── Record set ──

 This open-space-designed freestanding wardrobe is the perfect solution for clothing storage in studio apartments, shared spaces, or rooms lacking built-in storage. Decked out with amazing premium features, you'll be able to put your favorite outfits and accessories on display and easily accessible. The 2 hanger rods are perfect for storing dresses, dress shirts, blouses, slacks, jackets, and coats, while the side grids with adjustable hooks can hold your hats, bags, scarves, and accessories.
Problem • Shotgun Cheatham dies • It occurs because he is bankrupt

───
── Record set ──

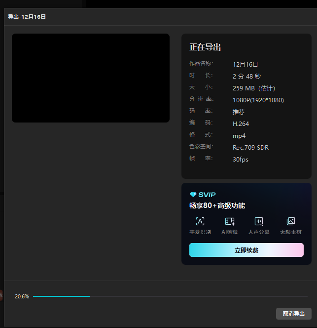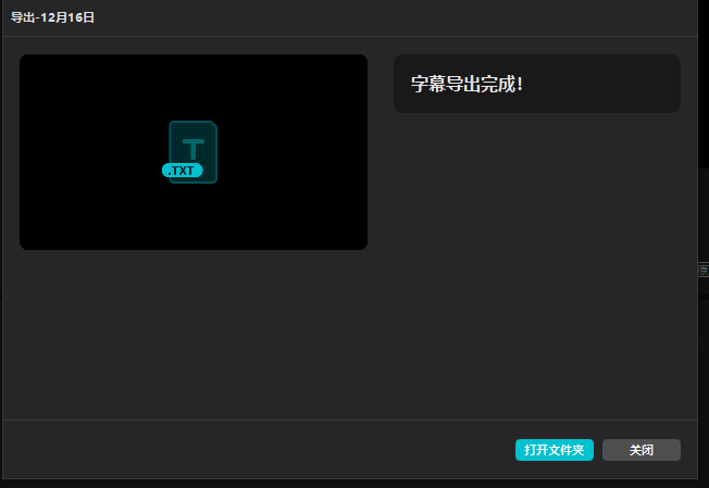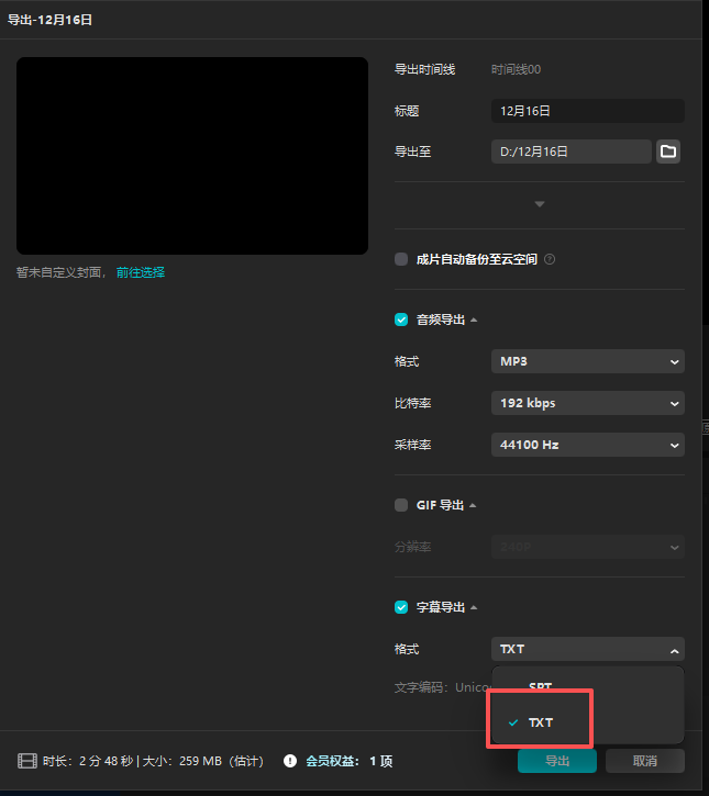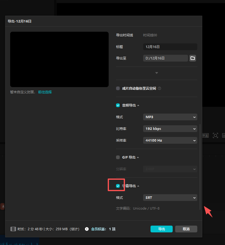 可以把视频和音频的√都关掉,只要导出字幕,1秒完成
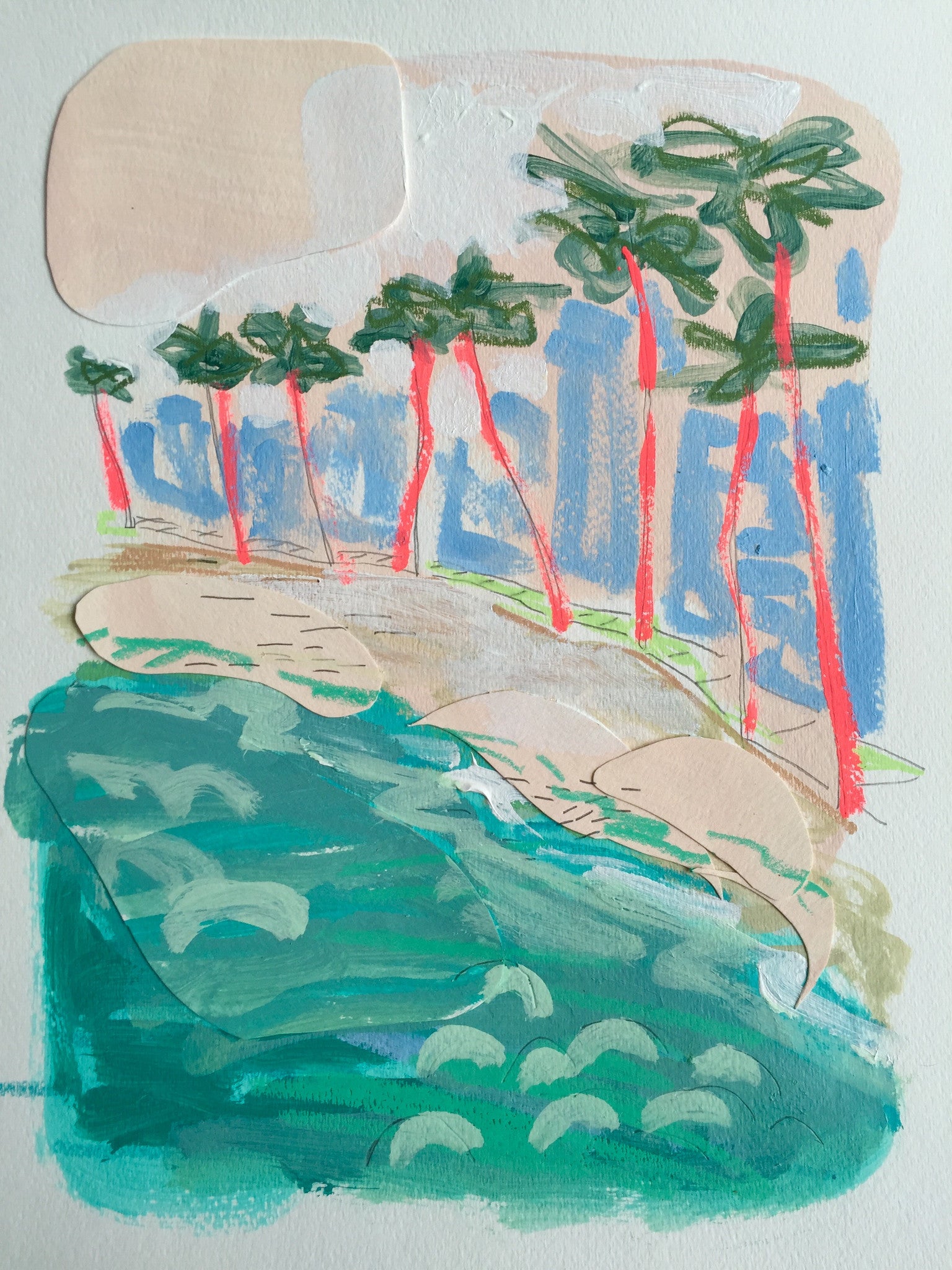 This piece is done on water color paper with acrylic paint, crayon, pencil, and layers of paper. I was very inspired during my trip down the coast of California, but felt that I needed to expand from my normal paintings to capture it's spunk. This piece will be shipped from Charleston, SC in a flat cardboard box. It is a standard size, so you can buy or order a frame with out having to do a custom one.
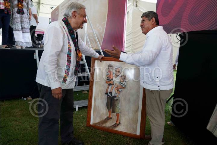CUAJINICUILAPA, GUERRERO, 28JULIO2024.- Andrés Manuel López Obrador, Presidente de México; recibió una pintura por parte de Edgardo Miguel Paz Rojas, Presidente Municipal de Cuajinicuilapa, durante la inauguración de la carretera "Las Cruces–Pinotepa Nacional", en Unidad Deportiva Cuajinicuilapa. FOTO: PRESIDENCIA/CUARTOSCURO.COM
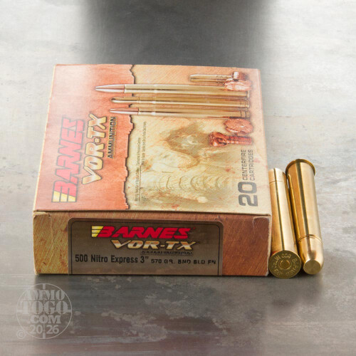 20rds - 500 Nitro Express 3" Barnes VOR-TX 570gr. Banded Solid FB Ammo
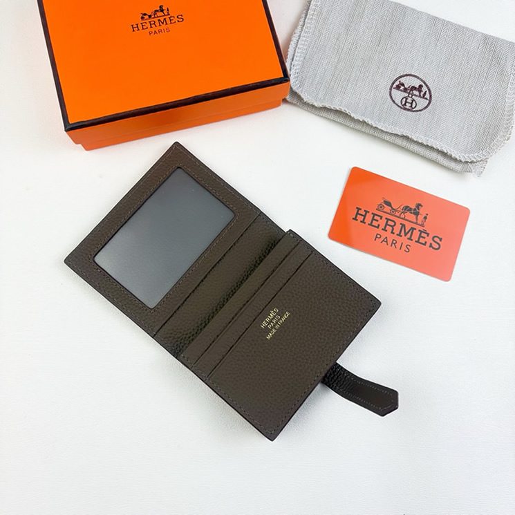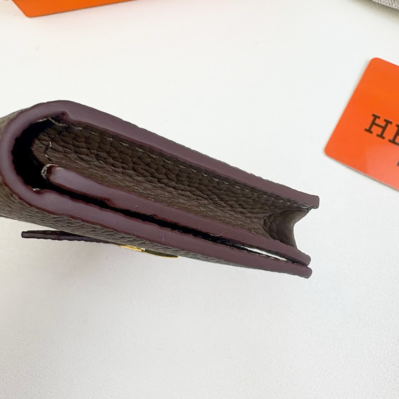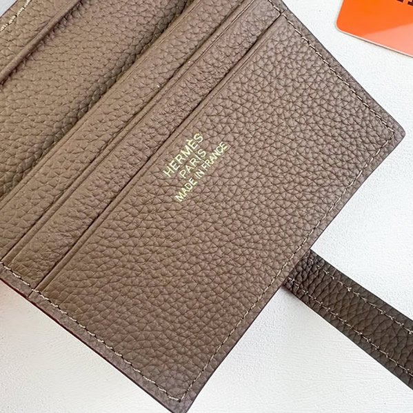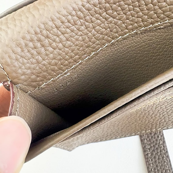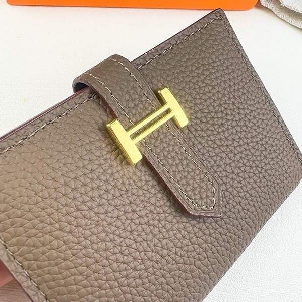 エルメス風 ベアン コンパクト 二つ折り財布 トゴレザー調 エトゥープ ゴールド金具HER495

───
── Record set ──

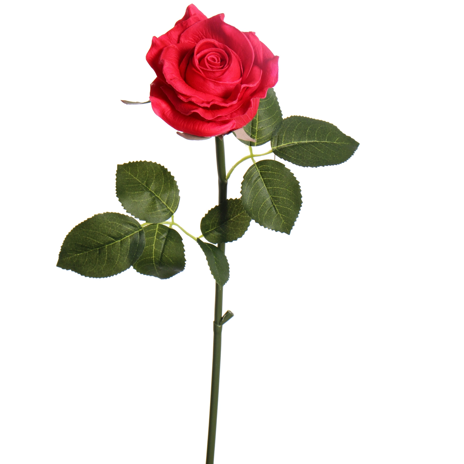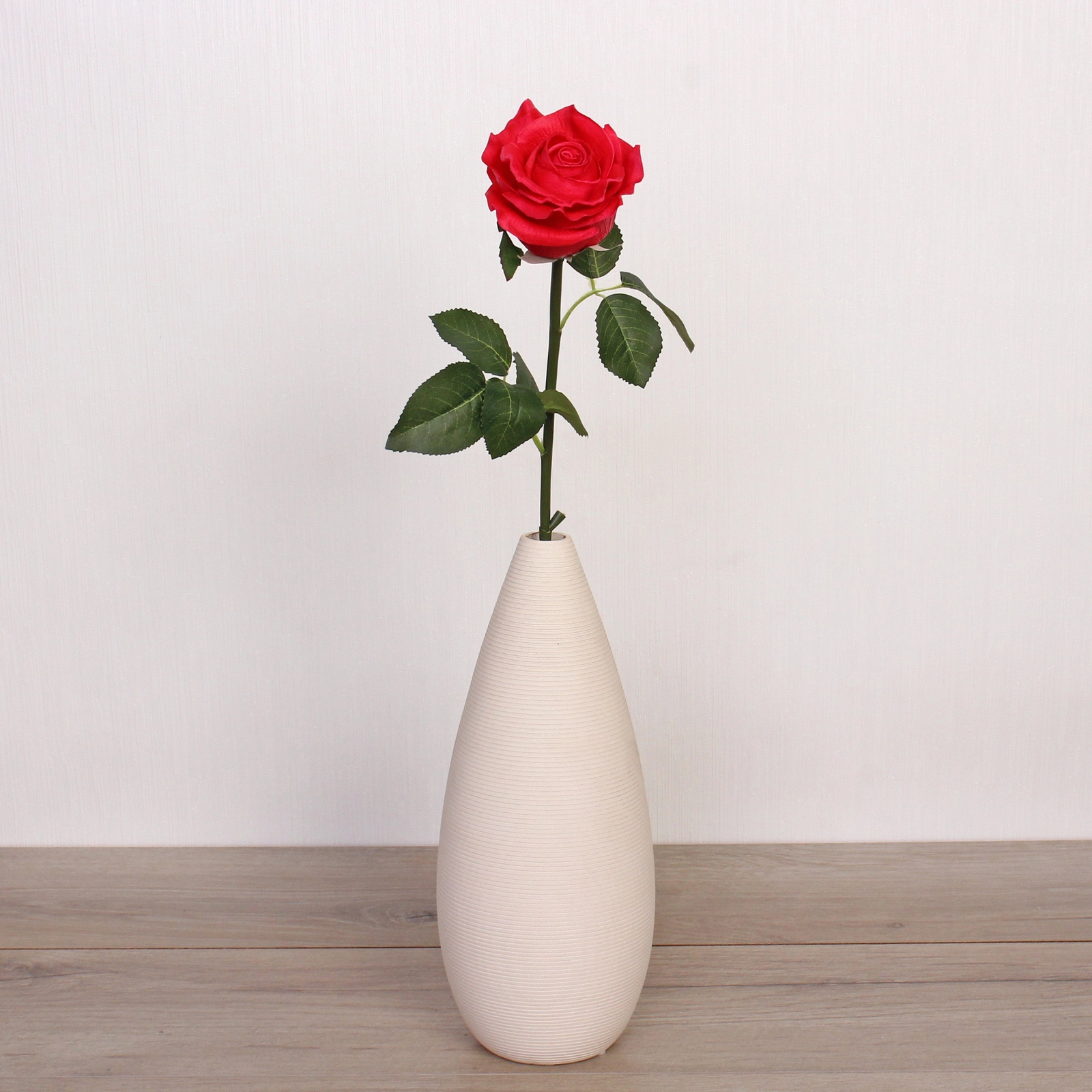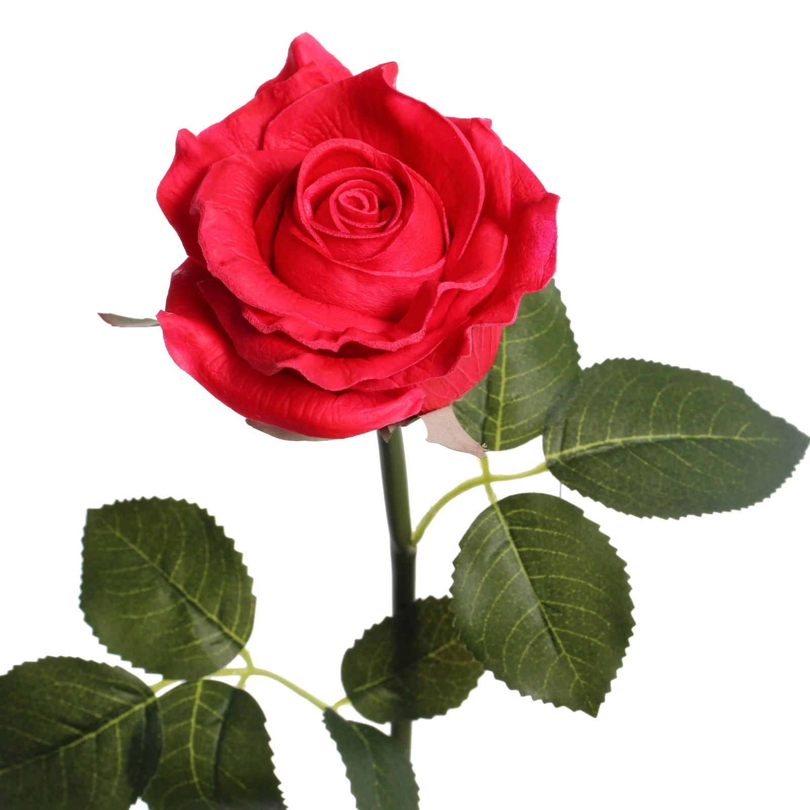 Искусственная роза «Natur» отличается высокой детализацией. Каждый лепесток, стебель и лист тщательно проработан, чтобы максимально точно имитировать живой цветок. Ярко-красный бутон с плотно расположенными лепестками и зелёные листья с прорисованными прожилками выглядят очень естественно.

───

Problem details
Print exactly, with no pictures, the lines above from the one that holds "可以把视频和音频的√都关掉,只要导出字幕,1秒完成" through the one that holds "20rds - 500", both of them included.

Task output
 可以把视频和音频的√都关掉,只要导出字幕,1秒完成
 This piece is done on water color paper with acrylic paint, crayon, pencil, and layers of paper. I was very inspired during my trip down the coast of California, but felt that I needed to expand from my normal paintings to capture it's spunk. This piece will be shipped from Charleston, SC in a flat cardboard box. It is a standard size, so you can buy or order a frame with out having to do a custom one.
CUAJINICUILAPA, GUERRERO, 28JULIO2024.- Andrés Manuel López Obrador, Presidente de México; recibió una pintura por parte de Edgardo Miguel Paz Rojas, Presidente Municipal de Cuajinicuilapa, durante la inauguración de la carretera "Las Cruces–Pinotepa Nacional", en Unidad Deportiva Cuajinicuilapa. FOTO: PRESIDENCIA/CUARTOSCURO.COM
 20rds - 500 Nitro Express 3" Barnes VOR-TX 570gr. Banded Solid FB Ammo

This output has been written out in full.